The Golem of Prague

I’ve fallen behind on my resolution to write a brief bit about the books I read. Not a review, really, as much as things I thought of as a result of reading the book. Recently I read The Amazing Adventures of Kavalier & Clay by Michael Chabon, and I have just finished Some Danger Involved, by Will Thomas.

The latter of those two follows a template you might find familiar: A man in victorian London becomesan assistant to an almost legendary yet enigmatic private detective. Detective Barker has assembled around himself an odd menagerie and the newcomer, Thomas, gradually discovers that each of them, even the little dog, has hidden abilities. As the story progresses, he even discovers some hidden potential in himself.

The story takes place at a time when Jews were being purged from large parts of Europe (see “Fiddler on the Roof”). The Jews have been moving west, but when they reach England there’s no more west to go. As always happens when there is a large influx of refugees into a country, the people that are already there resent the newcomers, accuse them of taking jobs, and so forth. So far, London has been reasonably tolerant, but things start to come unglued in the face of a rather horrible murder — a young Jew has been crucified. Things are heating up, but none of the usual suspects seems to be the one behind the trouble.
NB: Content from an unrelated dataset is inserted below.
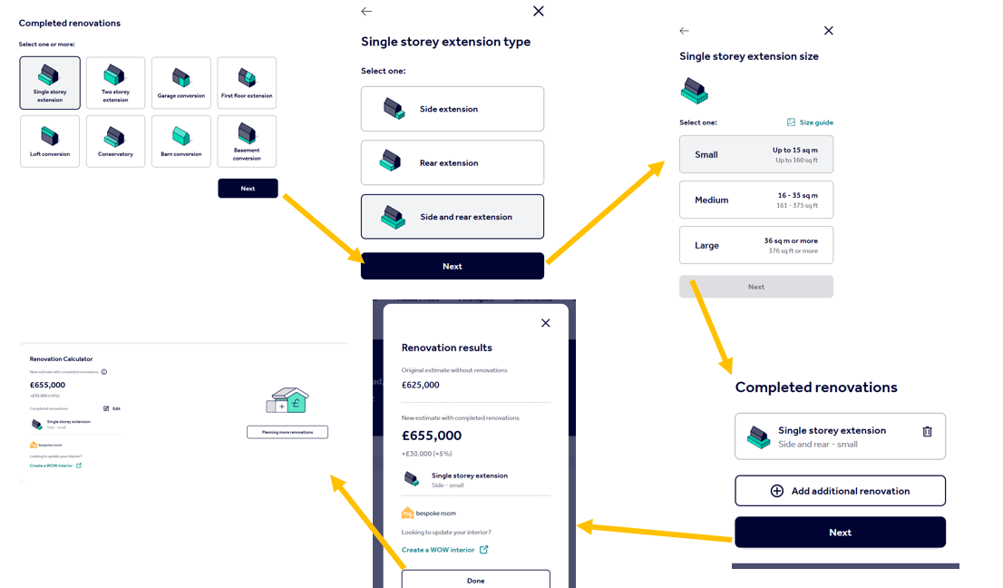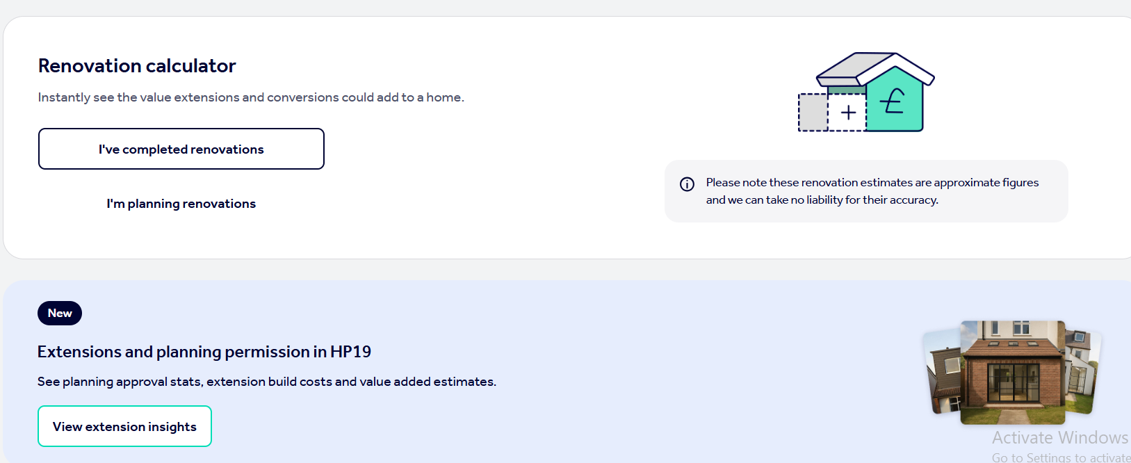 After answering the required questions to Track the property you will have the option to explore renovations and extensions estimates.

It’s a good story, with twists and turns, and while the prose reflects the mannered speech of Victorian England it does not weigh down the modern ear. There is humor and intrigue, but not so much suspense. The whodunnit element was pretty easy to untangle early on, when the bad guy makes a mistake that is glossed over at the time, but was pretty much a giveaway. There are a few distractor suspects, but none of them are developed that much.

The good news is that I don’t think the author really intended for the story to hinge on the dramatic revelation at the end. It is more of an adventure story than a mystery, and a quite enjoyable one.

As the Jews are discussing how to defend themselves, the subject of the Golem of Prague comes up. The Golem was, legend has it, a creature of animated clay, created by a rabbi to protect the Jews there during some long-ago pogrom.

Clay. Reading that, I realized something about another book I read, something that should probably have been obvious. In Kavalier and Clay, Joe Kavalier is a Czech Jew who is a talented artist and a passable escape artist as well. His greatest escape was getting out of Nazi-occupied Czechoslovakia and reaching New York, with a bit of help from the Golem of Prague.

In New York he shares a room with Sam Clay, his fast-talking fast-thinking cousin. Almost instantly Sam sweeps up the newcomer in grand plans, and they embark on a career making comic books. With Joe’s ground-breaking art and Sam’s ability to spew a compelling story out in minutes, their character, The Escapist, is a runaway hit. Joe never gives up trying to get at least some of his family out of Europe, and finds that as his comic books become more popular that he might even have the money to make something happen. He grows increasingly desperate, as it is clear that things are getting very bad for Jews in Prague.

As a side note, the first place I ever saw the word ‘golem’ was in a comic book. Like the Escapist, his job was beating up Nazis.

Stuff happens, lots of stuff, some good, some not. People change. Superheroes who wear their underwear outside their tights aren’t popular anymore. The golem reappears, but it has changed also, the magical spirit is no longer there, it is just a mass of clay. Where did that spirit go?

That’s what I figured out last night. I’m a little slow, sometimes.

This was a darn fine read, with the whole mixture of joy and sorrow and anger and uncertainty and just a bit of magic that adds up to life.

Note: if you use the above link to buy this book (or a Kindle, or a new car), I get a kickback.

4 thoughts on “The Golem of Prague

  1. I first met the Golem in a story in Analog magazine in the 1970s, and then I met him again in an Isaac Bashevis Singer short story that I read in the 1980s but which had been written much earlier. Then I saw him in a graphic novel (aka large-scale high-quality comic book) at a sci-fi convention, and I saw him again in a textbook in a college Hebrew class that I was taking — the textbook was actually aimed at children, and it used traditional stories to develop vocabulary.

    The Golem is an interesting superhero. Like Frankenstein’s monster, he has been called into existence by people who don’t necessarily understand all of the implications until after the deed is done. The legends have him existing just about anywhere Jewish communities have been oppressed, but Prague is a special case — the Czech science-fiction writer Carel Čapek might even have had the Golem in mind when he developed the concept of robot, which is Czech for “slave.”